◆ **Activity**:
The lines from the one holding "渓流沿いの山の斜面にある観音岩温泉/26種類の風呂が長く連なっている" to the final line of the listing below are to be duplicated exactly, with both ends included and pictures omitted.

◆ **Source data**:
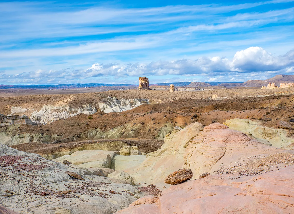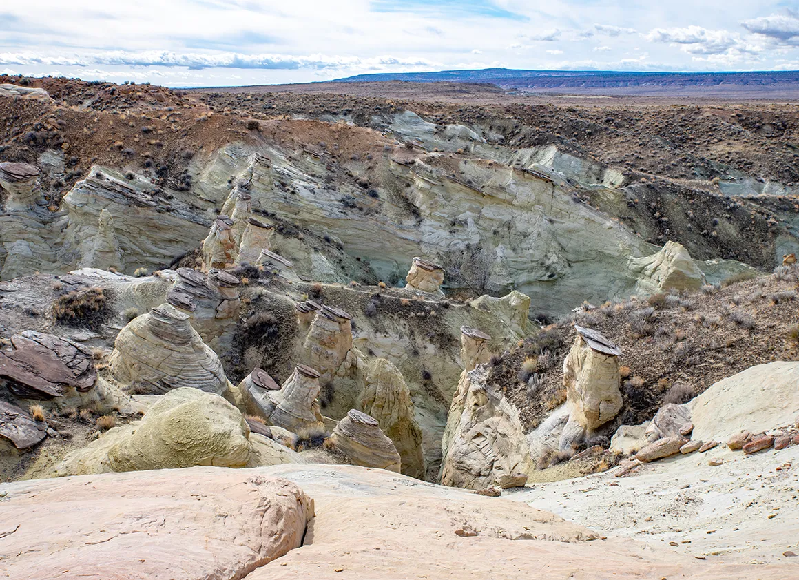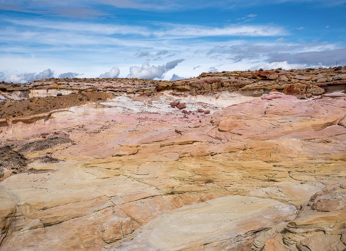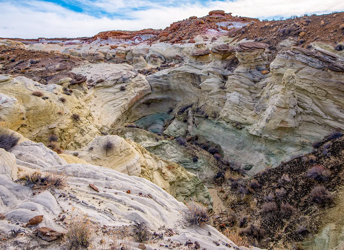 Als wir die Abbruchkante erreichen, bleibt uns kurz die Spucke weg. Unter uns breitet sich ein Kessel aus,  der aussieht wie ein Pastell-Tuschkasten auf LSD.  Zarte Töne von Rosa über Vanillegelb bis Cremeweiß –  alles so weich, dass man fast glaubt, es wäre gezeichnet und nicht echt. Wir stehen einfach nur da. Und staunen.
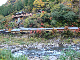 渓流沿いの山の斜面にある観音岩温泉/26種類の風呂が長く連なっている
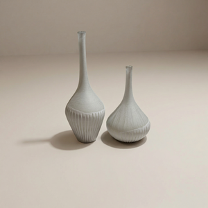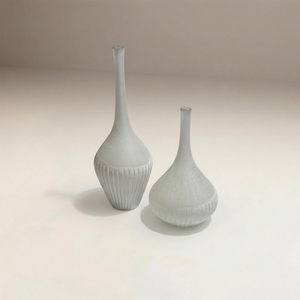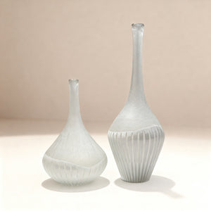 Fabricado con maestría en la India, este jarrón de vidrio presenta un acabado en color blanco con una textura sutil que añade profundidad visual sin recargar el ambiente. Es el complemento perfecto tanto para lucir solitario como con arreglos florales delicados.

◆ **Answer to this exercise**:
 渓流沿いの山の斜面にある観音岩温泉/26種類の風呂が長く連なっている
 Fabricado con maestría en la India, este jarrón de vidrio presenta un acabado en color blanco con una textura sutil que añade profundidad visual sin recargar el ambiente. Es el complemento perfecto tanto para lucir solitario como con arreglos florales delicados.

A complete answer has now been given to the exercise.